INFORMATION SHOWN
+++++

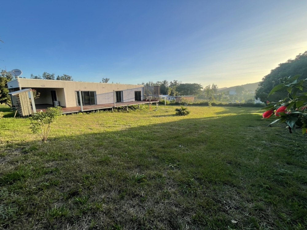 Idéalement située dans un quartier résidentiel de La Tamoa, , l'agence D'CLIC IMMO vous propose une superbe villa individuelle, en construction fibrociment sur pilotis, datant de 2019, de type F4 d'une surface de 108.80m² habitable + 110 m² de terrasses le tout sur un beau terrain plat de 30.84 ares en zone non inondable.
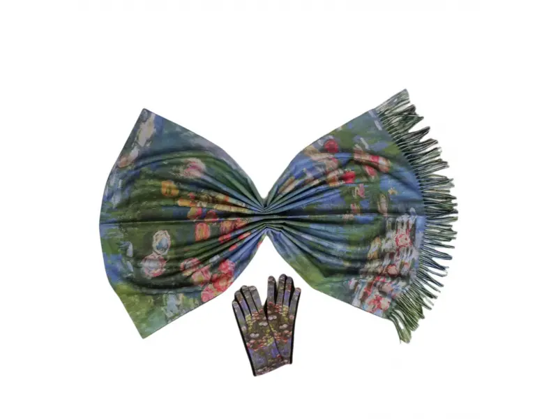 Комплект двулицев дамски шал и ръкавици с изображението на картините на известният Клод Моне - "Водни лилии" и Клод Моне - "Мадам Моне и нейният син". Мек и удобен шал от 100% вискоза. Ръкавиците са един размер имат еластичност от S до XL с показалеца може да се работи на телефон или смарт устройство.
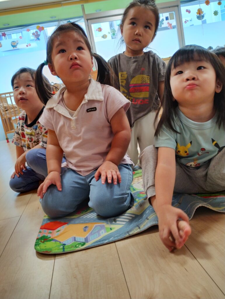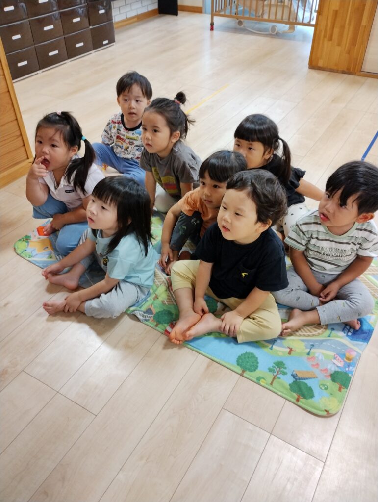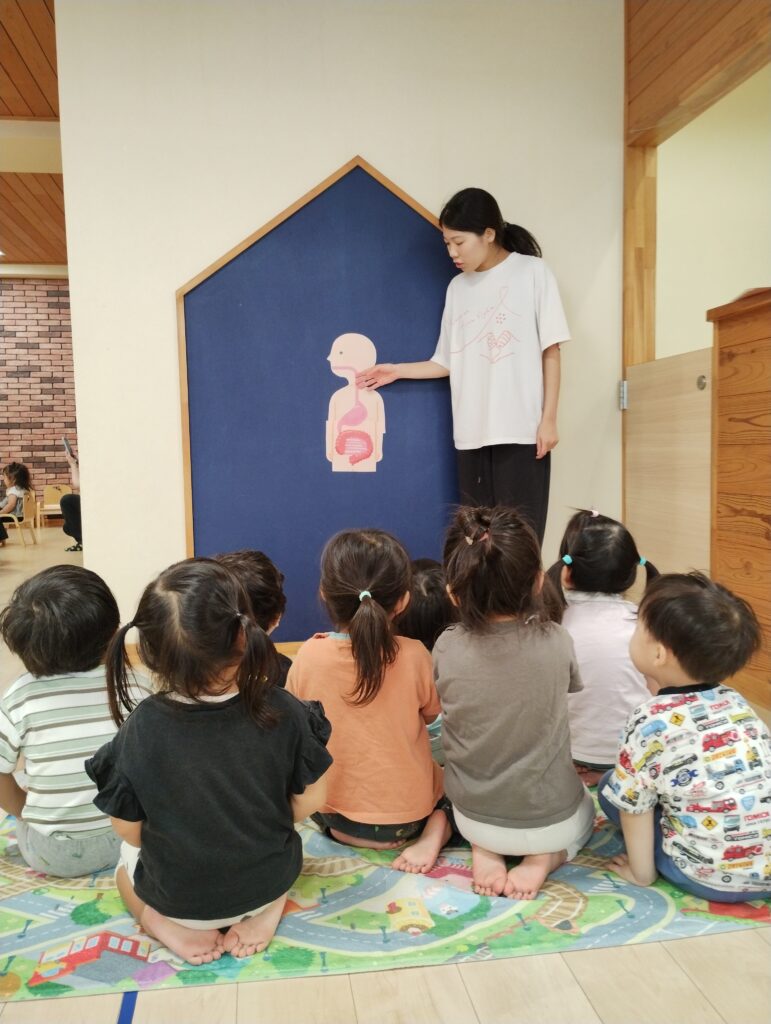 2歳児さんは身体の仕組みの話しをしました。人体の絵が出てくるとみんな興味津々で集中して話しを聞いていました!
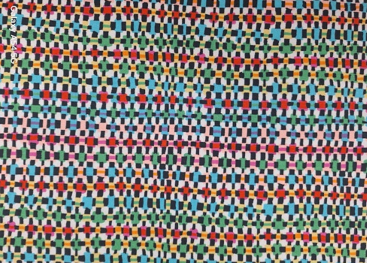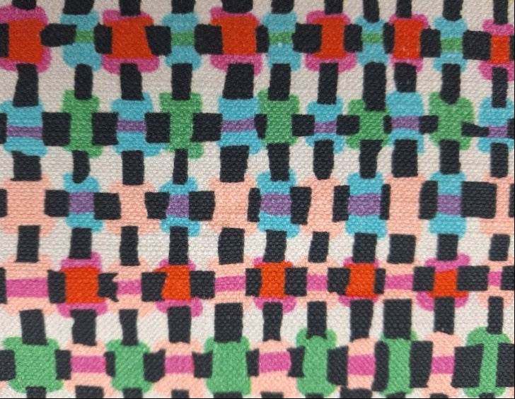 DESCRIPTION: Richloom Suri Fabric in Tropic features a repeating grid pattern featuring abstract, stylized cross-like shapes in various colors, alternating with solid black squares. The color palette is vibrant, including shades of turquoise, pink, orange, and green against a light, ivory background.
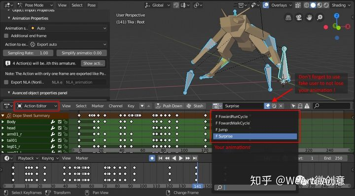 当然可以用骨骼导出动画。您可以使用“摄影表”窗口中的“动作编辑器”在一个场景中包含多个动画,也可以使用NonLinearAnimation。对于动作:
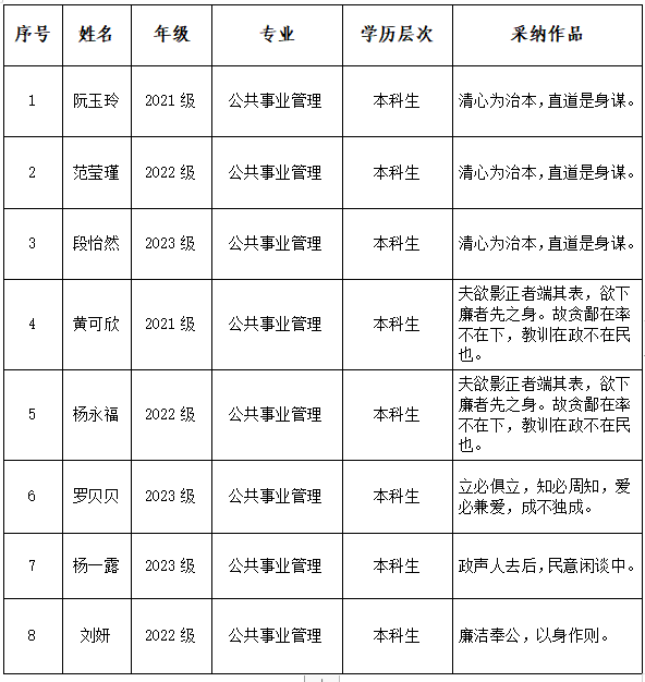 2024年3-4月,公司开展“清风入校园,廉洁润我心”廉心廉语征集活动。经评选,共有8位同学的作品被采纳,现将结果公布如下:
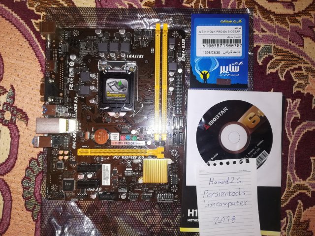 سلام یک عدد بورد 1151 به مشخصات زیر برای فروش ارائه میشود : Biostar H110MH Pro D4 بورد بدون کارتن و دارای گارانتی سایبر تا 98/3 و شامل دیسک درایور و دفترچه و پنل میباشد . پایه : 199 فوری : 239 فروش در تبریز حضوری ، ارسال پستی پیشتاز یا تیپاکس ، هزینه و مسئولیت ارسال با خریدار محترم.

+++++

TASK REQUIREMENTS
Where the line containing "2024年3-4月,公司开展" appears, begin writing out the lines word for word, and continue through the last line of the data, leaving out pictures.

EXERCISE OUTPUT
 2024年3-4月,公司开展“清风入校园,廉洁润我心”廉心廉语征集活动。经评选,共有8位同学的作品被采纳,现将结果公布如下:
 سلام یک عدد بورد 1151 به مشخصات زیر برای فروش ارائه میشود : Biostar H110MH Pro D4 بورد بدون کارتن و دارای گارانتی سایبر تا 98/3 و شامل دیسک درایور و دفترچه و پنل میباشد . پایه : 199 فوری : 239 فروش در تبریز حضوری ، ارسال پستی پیشتاز یا تیپاکس ، هزینه و مسئولیت ارسال با خریدار محترم.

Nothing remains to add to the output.